Could you return the data that follows exactly, minus the images?

▶ _PROVIDED DATA_
--- START ---

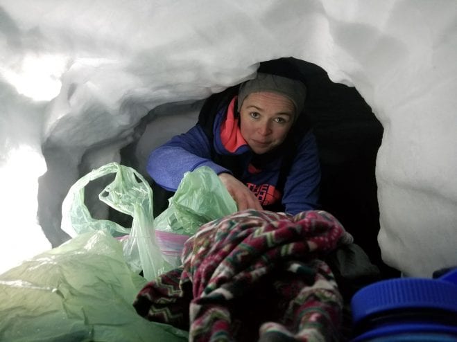 “We had cell phone service the entire time in our snow cave,” Kruse said, laughing. “I think we all sent out ‘Hey, we’re all snug in our snow cave’ messages. Weather conditions aren’t what we hoped for so we just tuckered in for the night.”
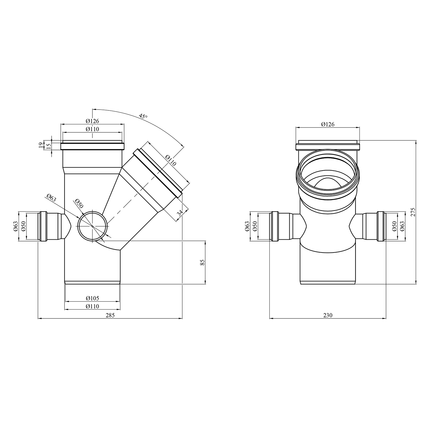 Характеристики Крестовина двухплоскостная для внутренней канализации Rozma 110х110/45°+50/90° код товару CV030237
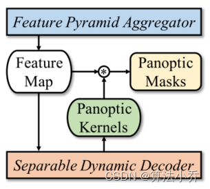 然后,通过 可分离动态解码器 生成全景kernel,进而进行mask的预测和分类。
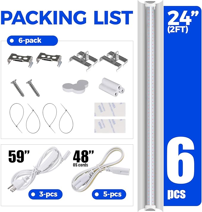 • What You Get: 6 x Barrina LED Grow lights, 3 x Power cords with ON/OFF switch, 5 x Connecting Cords(48''), 6 x Small Connectors, 24x Installation Clips, 12 x Tapes, 24 x cable ties
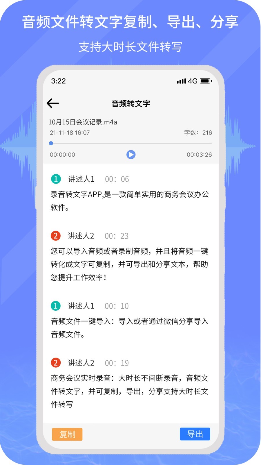 小明录音转文字是一款对于部分工作人员来说非常实用的生活服务类型软件,也是一个便捷的音频转文字工具,操作简单便捷,用户可以通过转换的方式来将各种音频转化为文字,可以直接一键分享,方便而又快捷。
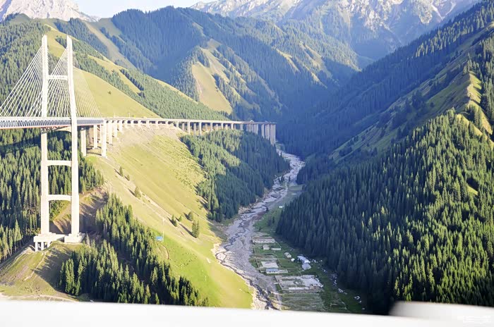 离开赛里木湖,前往霍尔果斯,果子沟大桥,汽车之家这图片传得很头痛,还有航拍照片,上不了
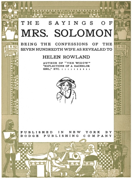 I sigh not for the charms of an houri; and curling hair I shall not crave. Yea, though one husband be all that is granted unto me in this day of Progressive Matrimony, I shall not murmur.
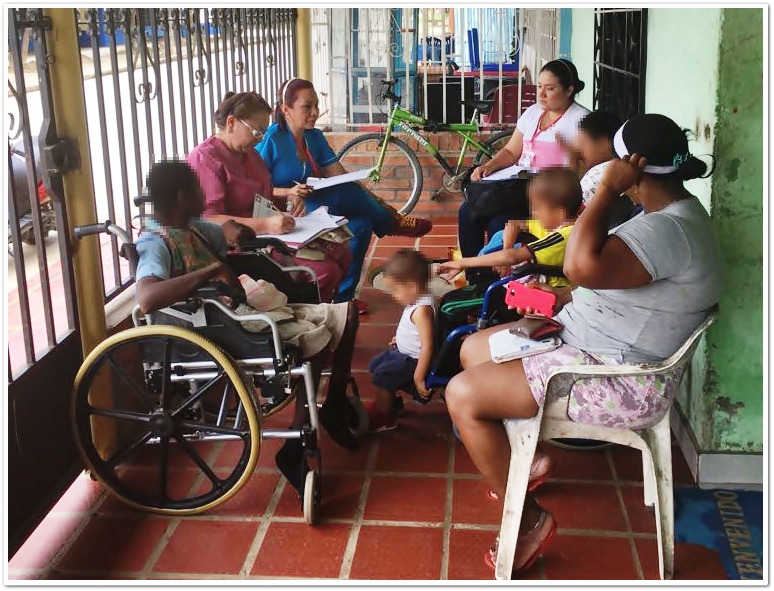El primer componente está dirigido a la rehabilitación basada en comunidad, RBC, lo anterior hace referencia a tres visitas domiciliarias con el acompañamiento de auxiliar de enfermería, fisioterapeuta, terapia ocupacional y psicólogo, el público elegido son familias con personas con discapacidad, se tiene estimado beneficiar a 165 hogares.
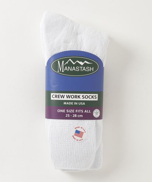 MANASTASH/マナスタッシュ 2P CREW WORK SOCKS1900年初頭創業の老舗ソックスメーカーによる2PACK SOCKSです。元々、糖尿病患者などへ向けたソックスでリブが入らない緩さが特徴です。素材はコットンをベースにナイロンとエラスティック混紡のボディは履き心地の良さとたるませた時の雰囲気も抜群。「男のルーズソックス」MADE IN USAなのも嬉しいポイント。【MANASTASH/マナスタッシュ】MANASTASHは1993年設立の米国シアトルのアウトドアブランド。その理念は、環境に優しい素材、例えばヘンプやリサイクルフリースを使用して最高のウエアとギアを作ることです。偉大なるカスケード山脈から駆け落ちるマナスタッシュ山高原ではスキー、トレッキング、マウンテンバイク、ラフティング、カヤックなどワイルドで多様なアウトドアスポーツが楽しめます。フリーダムをベースとしたライフスタイルを代表する、実用的でスタイリッシュ、そしてハイクォリティなウエア。山、川、そして道…MANASTASHは、自然環境の中で情熱を追いかけているすべての人々と繋がっています。
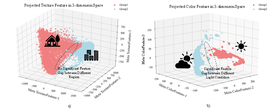 图7.光伏板图像纹理特征与颜色特征的聚类结果:高度一致的纹理特征与异构的颜色特征
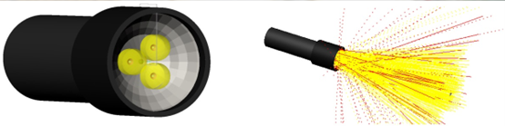 圖1 左:FRED中的手電筒模型。該模型由筒身、多面反射鏡和排列的三個白光LED組成。右:手電筒光線軌跡示意圖。由面反射鏡反射的光線顯示為紅色。
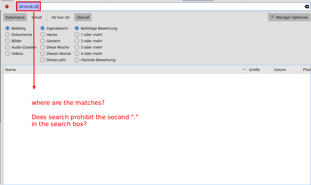 Please see attached screenshots. If I do not fully enter the search date, the Dolphin search is ok, but after entering the term after the second "." it does not work. Either I overlooked something or there is a limitation or a bug.

--- END ---

▶ _ANSWER SPACE_
 “We had cell phone service the entire time in our snow cave,” Kruse said, laughing. “I think we all sent out ‘Hey, we’re all snug in our snow cave’ messages. Weather conditions aren’t what we hoped for so we just tuckered in for the night.”
 Характеристики Крестовина двухплоскостная для внутренней канализации Rozma 110х110/45°+50/90° код товару CV030237
 然后,通过 可分离动态解码器 生成全景kernel,进而进行mask的预测和分类。
 • What You Get: 6 x Barrina LED Grow lights, 3 x Power cords with ON/OFF switch, 5 x Connecting Cords(48''), 6 x Small Connectors, 24x Installation Clips, 12 x Tapes, 24 x cable ties
 小明录音转文字是一款对于部分工作人员来说非常实用的生活服务类型软件,也是一个便捷的音频转文字工具,操作简单便捷,用户可以通过转换的方式来将各种音频转化为文字,可以直接一键分享,方便而又快捷。
 离开赛里木湖,前往霍尔果斯,果子沟大桥,汽车之家这图片传得很头痛,还有航拍照片,上不了
 I sigh not for the charms of an houri; and curling hair I shall not crave. Yea, though one husband be all that is granted unto me in this day of Progressive Matrimony, I shall not murmur.
El primer componente está dirigido a la rehabilitación basada en comunidad, RBC, lo anterior hace referencia a tres visitas domiciliarias con el acompañamiento de auxiliar de enfermería, fisioterapeuta, terapia ocupacional y psicólogo, el público elegido son familias con personas con discapacidad, se tiene estimado beneficiar a 165 hogares.
 MANASTASH/マナスタッシュ 2P CREW WORK SOCKS1900年初頭創業の老舗ソックスメーカーによる2PACK SOCKSです。元々、糖尿病患者などへ向けたソックスでリブが入らない緩さが特徴です。素材はコットンをベースにナイロンとエラスティック混紡のボディは履き心地の良さとたるませた時の雰囲気も抜群。「男のルーズソックス」MADE IN USAなのも嬉しいポイント。【MANASTASH/マナスタッシュ】MANASTASHは1993年設立の米国シアトルのアウトドアブランド。その理念は、環境に優しい素材、例えばヘンプやリサイクルフリースを使用して最高のウエアとギアを作ることです。偉大なるカスケード山脈から駆け落ちるマナスタッシュ山高原ではスキー、トレッキング、マウンテンバイク、ラフティング、カヤックなどワイルドで多様なアウトドアスポーツが楽しめます。フリーダムをベースとしたライフスタイルを代表する、実用的でスタイリッシュ、そしてハイクォリティなウエア。山、川、そして道…MANASTASHは、自然環境の中で情熱を追いかけているすべての人々と繋がっています。
 图7.光伏板图像纹理特征与颜色特征的聚类结果:高度一致的纹理特征与异构的颜色特征
 圖1 左:FRED中的手電筒模型。該模型由筒身、多面反射鏡和排列的三個白光LED組成。右:手電筒光線軌跡示意圖。由面反射鏡反射的光線顯示為紅色。
 Please see attached screenshots. If I do not fully enter the search date, the Dolphin search is ok, but after entering the term after the second "." it does not work. Either I overlooked something or there is a limitation or a bug.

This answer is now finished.